- _Work required_:
In your copy, leave out all pictures and reproduce every entry exactly.

[Records from a dataset]

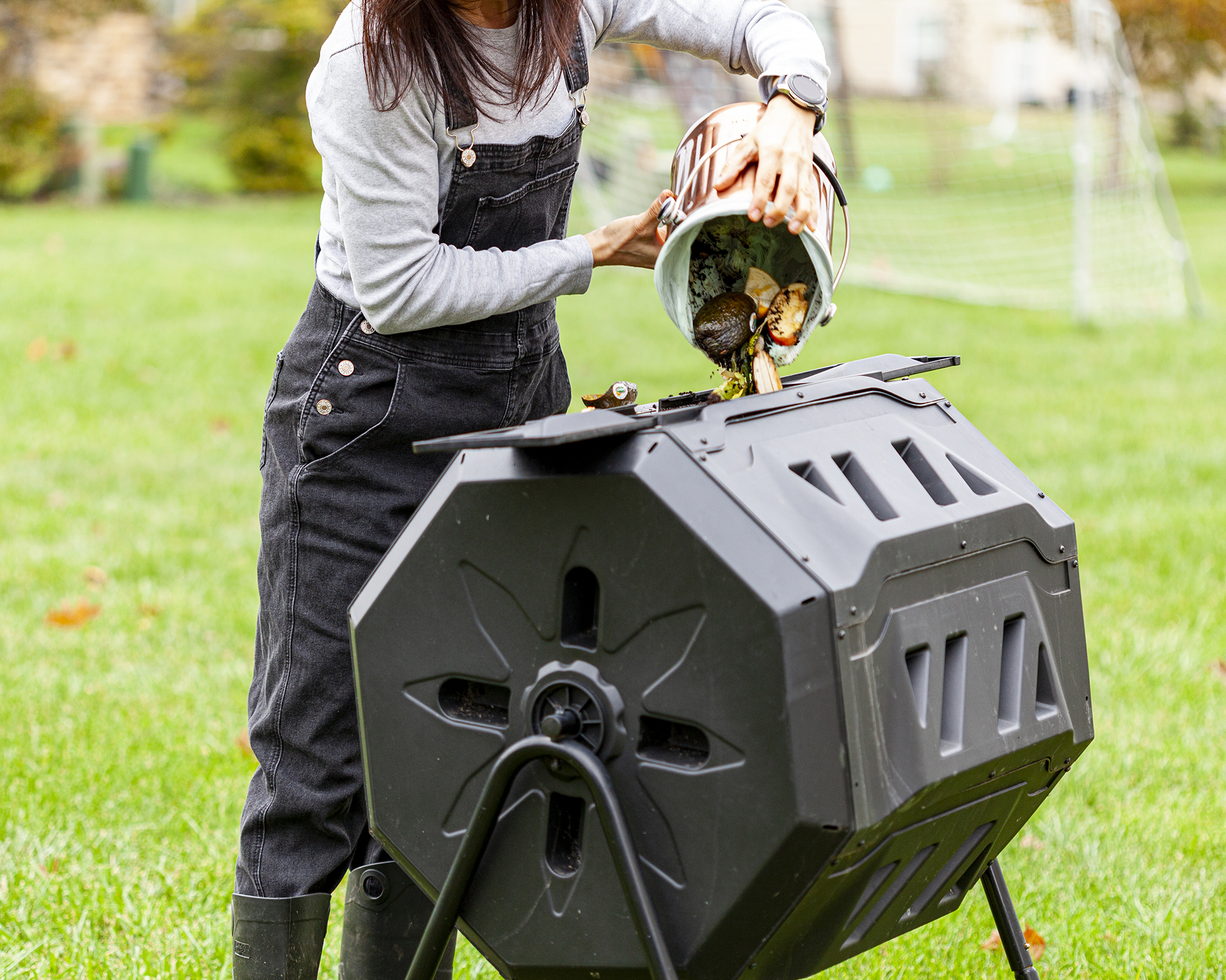 Funderar du på att starta en kompostbehållare eller komposthög i din trädgård? Den allmänna anvisningen är att lägga grönt material, som grönsaksskal, och brunt material, som torra löv, i lager som en lasagne. Eller så kan du använda en kompostbehållare som denna bästsäljare från Amazon för att göra det extra enkelt.
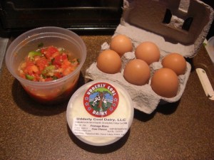 The bruschetta mix smells amazing – and a lot like pico de gallo. So instead of going Italian, we’re having quesadillas made with Fontina cheese and topped with the fresh mix and possibly some fromage blanc. The mix could also be heated and added to scrambled eggs for a very quick huevos rancheros dish. So many possibilities!
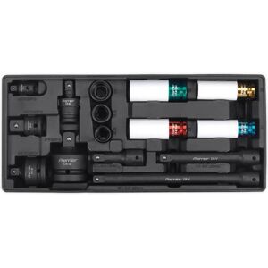 - Chrome Molybdenum socket, hardened, tempered and anodised for corrosion resistance. - Suitable for use with impact tools. - 6-Point socket is externally and internally sleeved to prevent damage to alloy wheels and nuts. - Colour-coded for easy size selection. IMPORTANT INFORMATION Alloy wheel impact sockets have an ultra thin walled design permitting a limited torque range. They are suitable only for wheel nuts and exempt from lifetime guarantee.
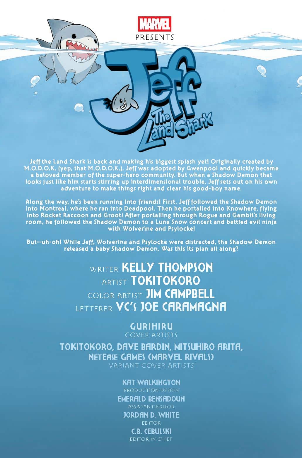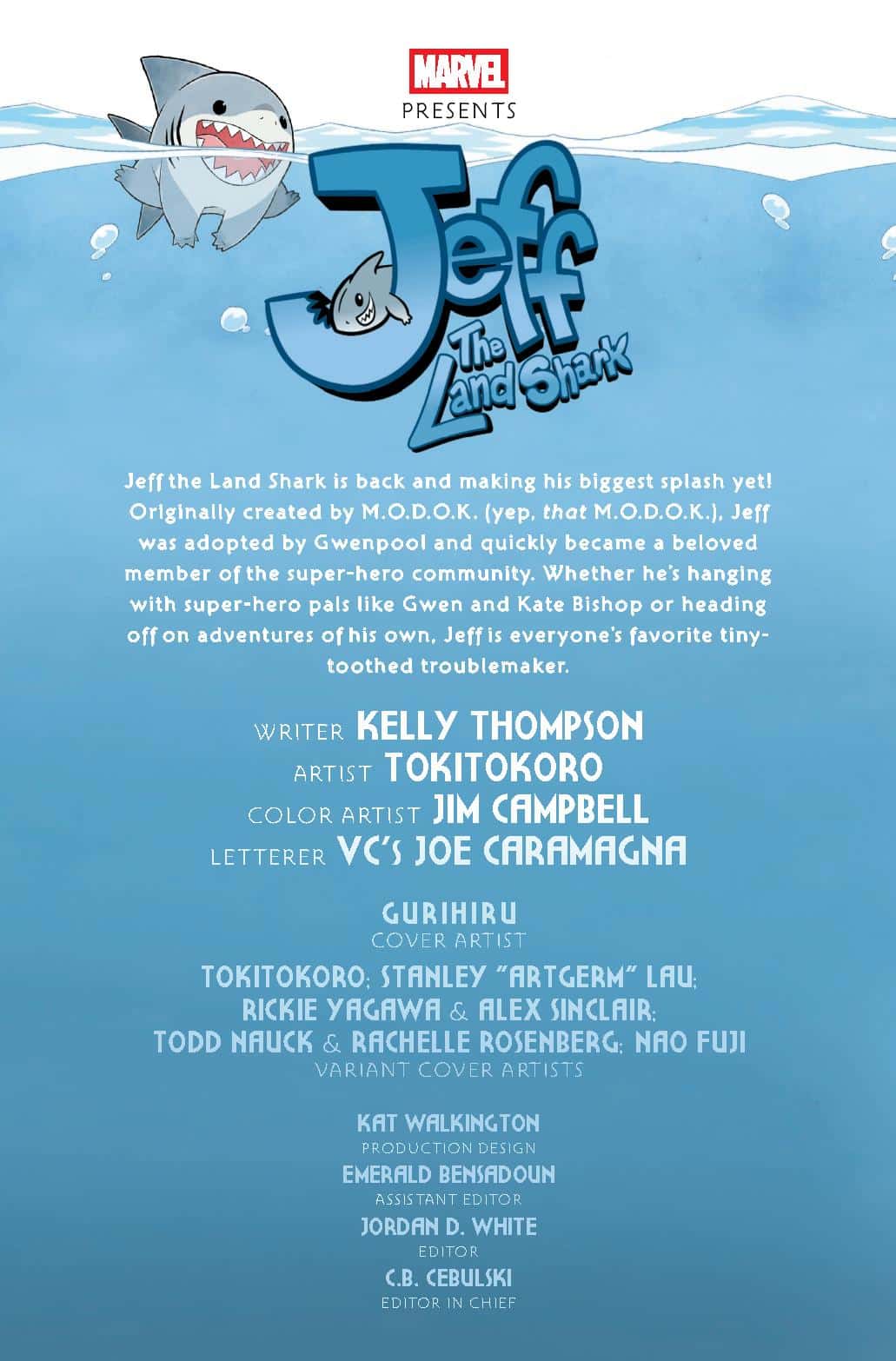 Hot off his star-making appearance in Marvel Rivals, Jeff the Land Shark makes a big splash this summer in his first-ever print comic series! Hitting stands on June 18, Jeff the Land Shark is a five-issue limited series written by Jeff’s co-creator Kelly Thompson, following her Eisner-nominated It’s Jeff Infinity Comic, and drawn by acclaimed artist Tokitokoro. Fans can check out all six covers for the debut issue, including a new piece by best-selling artist Stanley “Artgerm” Lau that spotlights Jeff’s Marvel Rivals design.
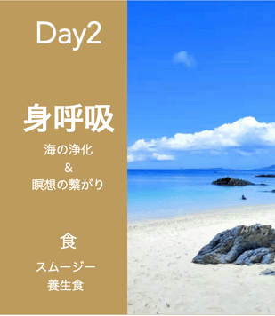 2日目は、朝からビーチで瞑想とヨガを行い、地球上の生命を生み出してくれた雄大な海のエネルギーで体を浄化します。

- _Answer box_:
 Funderar du på att starta en kompostbehållare eller komposthög i din trädgård? Den allmänna anvisningen är att lägga grönt material, som grönsaksskal, och brunt material, som torra löv, i lager som en lasagne. Eller så kan du använda en kompostbehållare som denna bästsäljare från Amazon för att göra det extra enkelt.
 The bruschetta mix smells amazing – and a lot like pico de gallo. So instead of going Italian, we’re having quesadillas made with Fontina cheese and topped with the fresh mix and possibly some fromage blanc. The mix could also be heated and added to scrambled eggs for a very quick huevos rancheros dish. So many possibilities!
 - Chrome Molybdenum socket, hardened, tempered and anodised for corrosion resistance. - Suitable for use with impact tools. - 6-Point socket is externally and internally sleeved to prevent damage to alloy wheels and nuts. - Colour-coded for easy size selection. IMPORTANT INFORMATION Alloy wheel impact sockets have an ultra thin walled design permitting a limited torque range. They are suitable only for wheel nuts and exempt from lifetime guarantee.
 Hot off his star-making appearance in Marvel Rivals, Jeff the Land Shark makes a big splash this summer in his first-ever print comic series! Hitting stands on June 18, Jeff the Land Shark is a five-issue limited series written by Jeff’s co-creator Kelly Thompson, following her Eisner-nominated It’s Jeff Infinity Comic, and drawn by acclaimed artist Tokitokoro. Fans can check out all six covers for the debut issue, including a new piece by best-selling artist Stanley “Artgerm” Lau that spotlights Jeff’s Marvel Rivals design.
 2日目は、朝からビーチで瞑想とヨガを行い、地球上の生命を生み出してくれた雄大な海のエネルギーで体を浄化します。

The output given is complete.